Upper/lowercase letters, symbols, and numbers are essential in daily communication. Meanings of words could change significantly with the present (or absence) of capitals. For instance, ‘August’ is the eighth month of the year, while ‘august’ is an adjective, which means impressive and respected. Symbols can help people express emotions with emojis (e.g., the frown emoji:-( or happy emoji:-)), which are frequently used in instant messaging. Many of these emoticons have even been cataloged in dictionaries (Dresner and Herring 2010). Numbers can make text messages highly versatile and easily readable, such as dates and amounts. In addition, for passwords to reach an acceptable level of security, they need to use a combination of numbers, upper/lowercase letters, and symbols, as the greater the possible combinations, the lower the risk that a password can be cracked (Ma et al. 2014). In some recent VR applications, password entry is needed, for instance, when the users use a VR browser and visit a website that requires logging in to their personal account (George et al. 2017). Although biometric approaches, such as iris and fingerprint scanning, have been used for identity verification, passwords are one of the most common ways for authentication and, as such, are still necessary because using biometric features for authentication is not often possible and accurate enough, requires additional specialized equipment that can be cumbersome to set up, and is not always reliable (Olade et al. 2018; Luo et al. 2020). They can also be used as an alternative authentication method as biometric approaches are not always effective or possible (Barkadehi et al. 2018). To allow VR users to enter complex sentences or strings like passwords, there is a need to explore text entry techniques beyond lowercase letters only, which has been the primary focus of most text entry techniques. Based on our review of the literature, multi-type characters like passwords have not been the primary focus, with one only exception from Schneider et al. (2019).
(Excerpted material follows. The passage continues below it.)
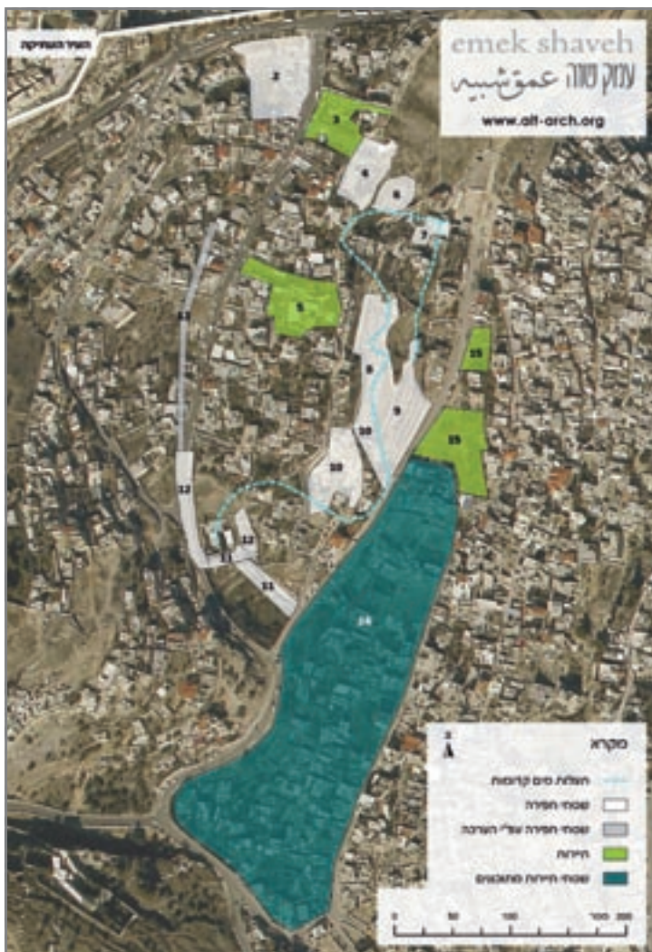
מפת סילוואן/ירושלים הקדומה (עיר דוד)

Text entry in VR usually requires the user to hold a handheld controller input (Jiang and Weng 2020; Boletsis and Kongsvik 2019; Chen et al. 2019; Speicher et al. 2018; Yu et al. 2018). However, there are cases where using hands and controllers is not suitable: (1) users’ hands are occupied with other tasks (e.g., surgery training); (2) controllers are not readily available; and (3) users with hand/arm-related motor impairments or inefficiencies and who have difficulties with precise input using a handheld controller (Xu et al. 2019; Meng et al. 2022; Li et al. 2023). In these cases, a hands-free technique leveraging other parts of users (like head motions, eye movements or blinks, and dwell for cursor movement or selection confirmation Yan et al. 2018; Lu et al. 2020; Ma et al. 2018; Lu et al. 2021) represents a feasible and practical approach. In recent years, hands-free approaches for text entry in VR have been explored to allow users to enter text in VR with good performance and user experience, some emphasizing cursor movements and selection mechanisms (Lu et al. 2020; Yu et al. 2017; Ma et al. 2018) and others on the keyboard layout (Xu et al. 2019; Rajanna and Hansen 2018). While these techniques allow fast text entry rates and a positive user experience, their focus has mainly been on lowercase characters only. There is very limited research on developing new text entry techniques that are hands-free and allow inputting different types of characters, including uppercase letters, symbols, and numbers. While it is possible to switch modes directly using text input methods to enable multi-type of characters. As VR supports multiple types of interaction, it is worth exploring whether involving various interaction techniques can lead to better text entry performance for multi-type characters.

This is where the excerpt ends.